Итак, надобно вам знать, что в старину город наш славился прекрасными и достохвальными обычаями, однако ж ни один из них не сохранился, и обязаны мы этим ничему иному, как сребролюбию, которое все усиливалось, по мере того как люди богатели, и вот оно-то старинные обычаи и искоренило. Среди прочих обычаев был у нас и такой: знатные флорентийцы, проживавшие друг от друга поблизости, образовывали общества, которые должны были состоять из определенного числа членов, и следили за тем, чтобы вступающие имели полную возможность ради общества тряхнуть мошной, и, согласно уставу, нынче — ты, завтра — он, словом, все по очереди, — у каждого был свой день, — приглашали к себе все общество, причем нередко угощали и знатных чужестранцев, равно как и других горожан. Кроме того, раз в год все они одинаково наряжались, по высокоторжественным дням вместе катались по городу, время от времени, главным образом по большим праздникам или же когда получалось радостное известие о победе либо о чем-нибудь подобном, устраивали состязания. Среди таковых обществ было общество мессера Бетто Брунеллески[233], куда сам мессер Бетто и его сотоварищи всячески старались заманить Гвидо, сына Кавальканте де Кавальканти[234], и заманивали они его неспроста: то был один из лучших знатоков логики и выдающийся натурфилософ, но как раз эти его качества не представляли для членов общества большой ценности, — их привлекало в нем то, что это был очаровательный человек, красноречивый, честного поведения, за что бы он ни взялся, — а брался он только за то, что пристало порядочному человеку, — все делал лучше всех; вдобавок он был страшно богат, а уж какой почезт оказывал Гвидо тем, кого он уважал, — этого язык человеческий не в сипах изобразить. И все же мессер Бетто не достигнул своей цели; не достигнул же он ее, по его собственному мнению, равно как и по мнению его сотоварищей, оттого, что Гвидо любил оставаться один на один со своими мыслями и сторонился людей. А так как он до известной степени был приверженцем эпикурейцев, то простой народ полагал, что размышляет он только о том, можно ли доказать, что бога нет.

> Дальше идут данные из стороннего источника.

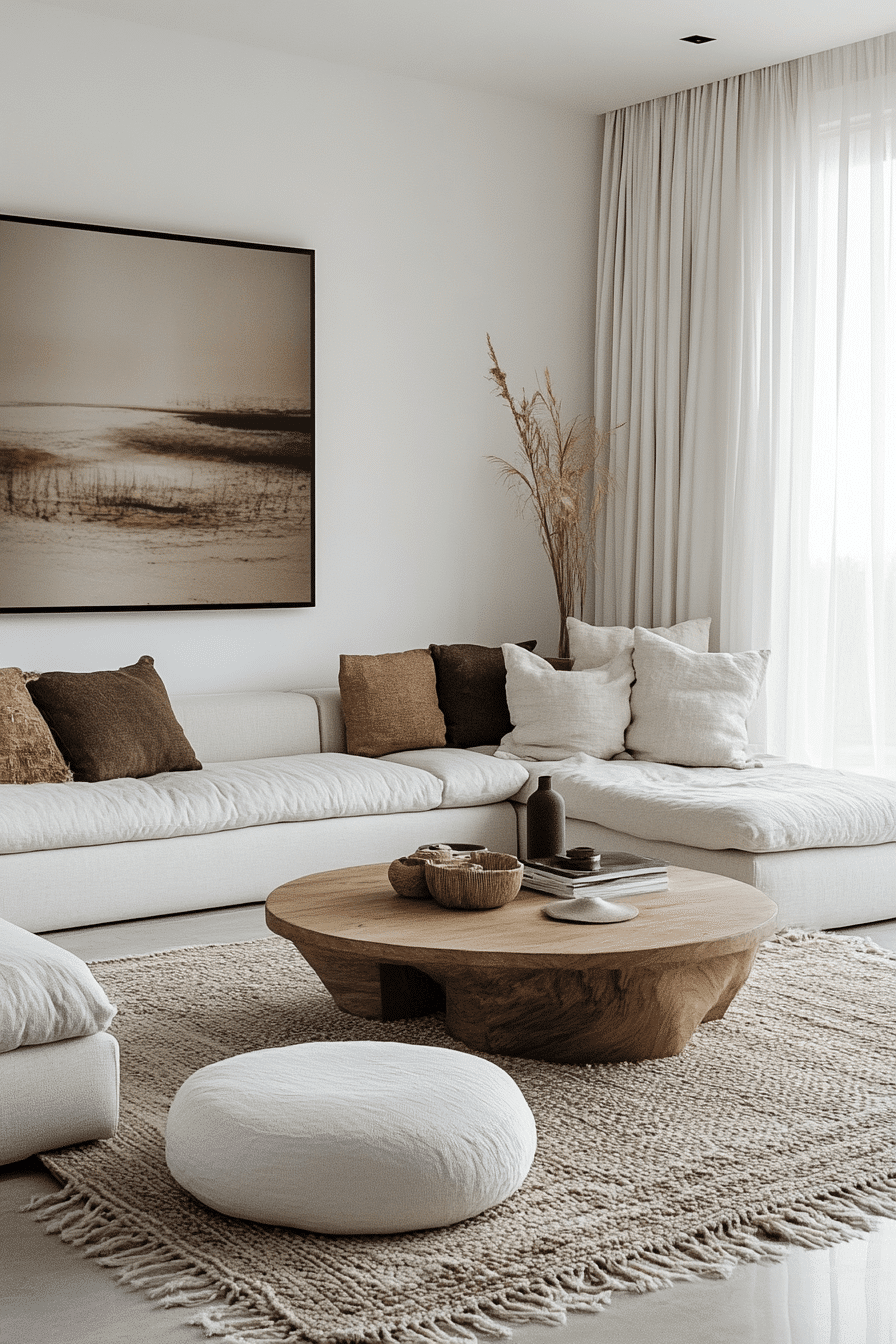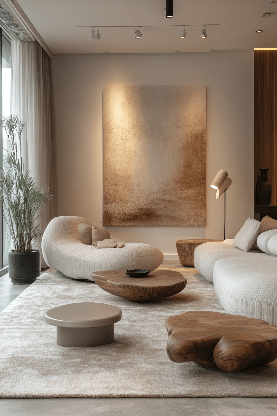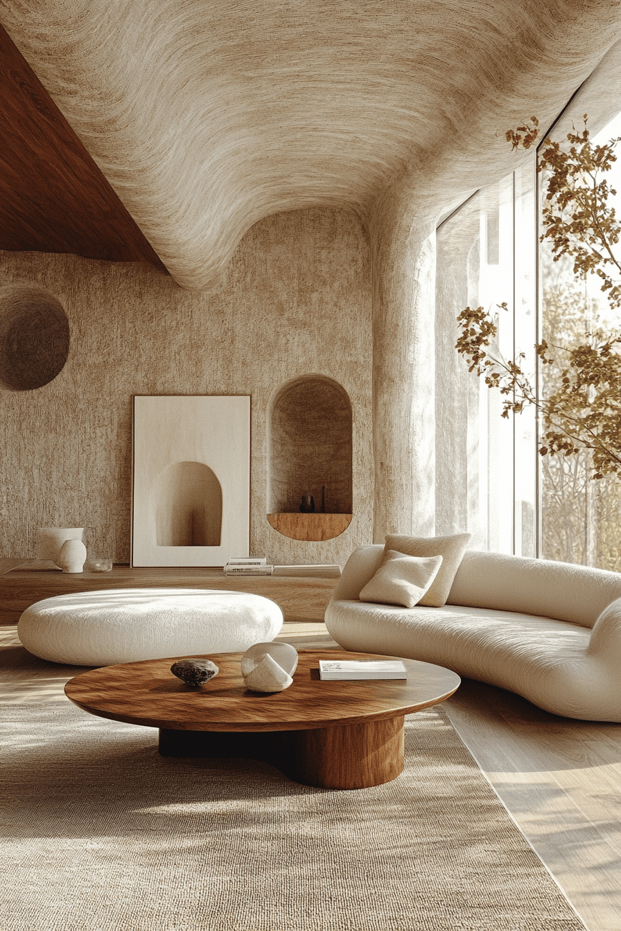 Smooth curves introduce a gentle flow into a minimalist living room, softening the overall look while keeping it modern. Rounded seating and circular accents create a welcoming feel. Neutral tones highlight the shapes without overwhelming the space. This minimalist living room feels balanced and inviting. Layout naturally supports relaxation and conversation. Discover more curved minimalist living room inspiration to love.

Как-то раз вышел он с Орто Сан Микеле на Корсо дельи Адимари[235] и двинулся по направлению к Сан Джованни, — то был его обычный путь, — а вокруг Сан Джованни было тогда много больших мраморных и всяких других гробниц, — теперь они находятся в Санта Репарата[236], — словом, тут тебе и порфировые колонны, и эти самые гробницы, и запертые двери Сан Джованни, по площади же Санта Репарата проезжали верхами мессер Бетто и его приятели; заприметив меж гробниц Гвидо, они сказали друг другу: «Давайте позлим его!» Гвидо шел, ничего вокруг себя не замечая, а они, пришпорив коней, сделали вид, что чуть на него не наехали, и заговорили с ним: «Гвидо! Ты предпочитаешь нашему обществу одиночество. Но если даже ты откроешь, что бога нет, то какой тебе от этого прок?»
Гвидо, заметив, что они окружили его со всех сторон, выпалил: «Синьоры! У себя дома вы вольны говорить мне все, что вам вздумается», — затем оперся рукой на одну из гробниц и с поразительной легкостью перемахнул через нее, хотя гробница была достаточно высока, и, очутившись вне досягаемости своих собеседников, пошел от них прочь.
Те сначала в недоумении переглянулись, а потом стали говорить, что Гвидо спятил, — в его словах нет-де никакого смысла; то место, где они сейчас находятся, не принадлежит ни им, ни кому-либо еще из горожан, — скорей уж Гвидо может на него притязать. А мессер Бетто им сказал: «Сами вы спятили, раз не уловили смысла в его речах: ведь он с помощью немногих слов и в учтивых выражениях нанес нам чудовищное оскорбление. Вникните в его слова, и тогда вы поймете все: эти гробницы — дома мертвецов, ибо туда кладут мертвые тела, и они там лежат; он же называет их нашим домом, намекая на то, что мы, равно как и все прочие невежды и неучи, по сравнению с ним и с другими просвещенными людьми — хуже мертвых и потому, находясь здесь, мы находимся у себя дома».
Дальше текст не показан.